EXERCISE DESCRIPTION: Restate word for word the entries below, starting at the line with "Olive Ribbed Knit" and ending at the line with "See your drive". Keep both end lines and omit the pictures.

THE DATA:
--- START ---

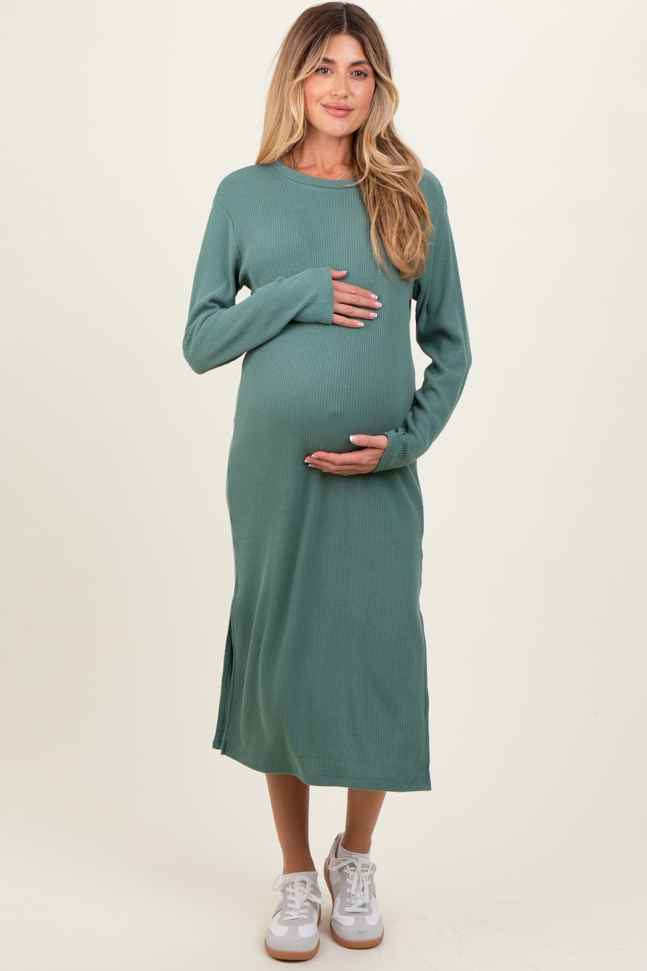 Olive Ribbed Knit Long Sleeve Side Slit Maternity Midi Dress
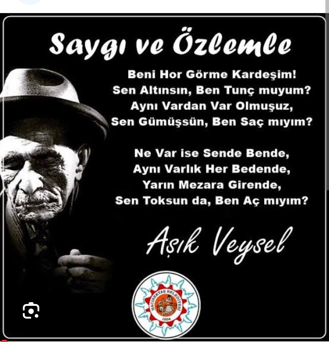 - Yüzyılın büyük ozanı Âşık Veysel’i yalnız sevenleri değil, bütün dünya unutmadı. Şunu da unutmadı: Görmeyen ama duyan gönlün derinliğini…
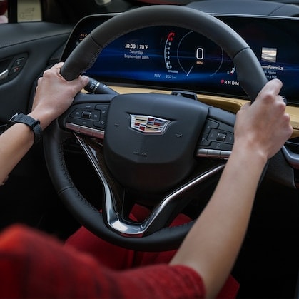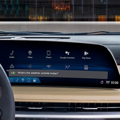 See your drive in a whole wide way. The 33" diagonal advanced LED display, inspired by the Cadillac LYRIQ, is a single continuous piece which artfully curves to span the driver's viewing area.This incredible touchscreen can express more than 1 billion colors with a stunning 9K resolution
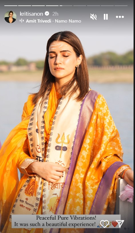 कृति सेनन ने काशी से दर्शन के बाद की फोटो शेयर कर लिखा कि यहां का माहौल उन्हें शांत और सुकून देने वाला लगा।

--- END ---
--- START ---

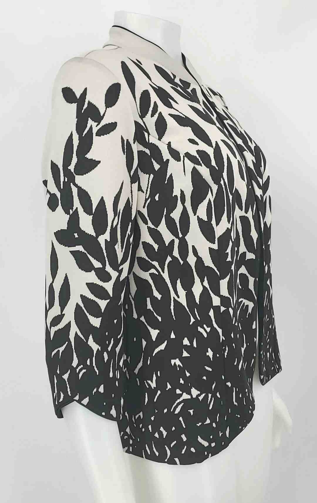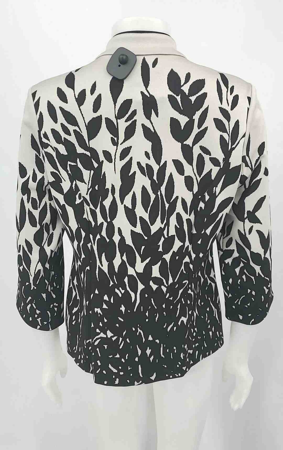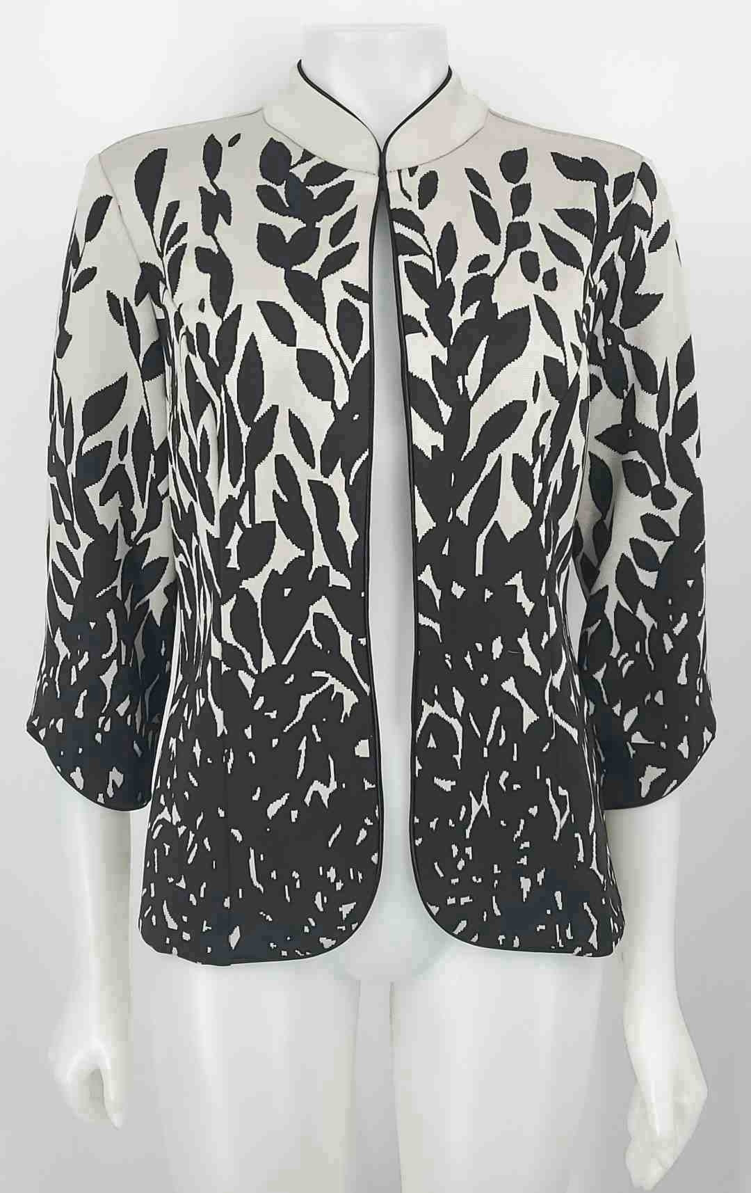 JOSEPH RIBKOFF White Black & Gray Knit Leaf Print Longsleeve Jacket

--- END ---

TASK RESULT:
 Olive Ribbed Knit Long Sleeve Side Slit Maternity Midi Dress
 - Yüzyılın büyük ozanı Âşık Veysel’i yalnız sevenleri değil, bütün dünya unutmadı. Şunu da unutmadı: Görmeyen ama duyan gönlün derinliğini…
 See your drive in a whole wide way. The 33" diagonal advanced LED display, inspired by the Cadillac LYRIQ, is a single continuous piece which artfully curves to span the driver's viewing area.This incredible touchscreen can express more than 1 billion colors with a stunning 9K resolution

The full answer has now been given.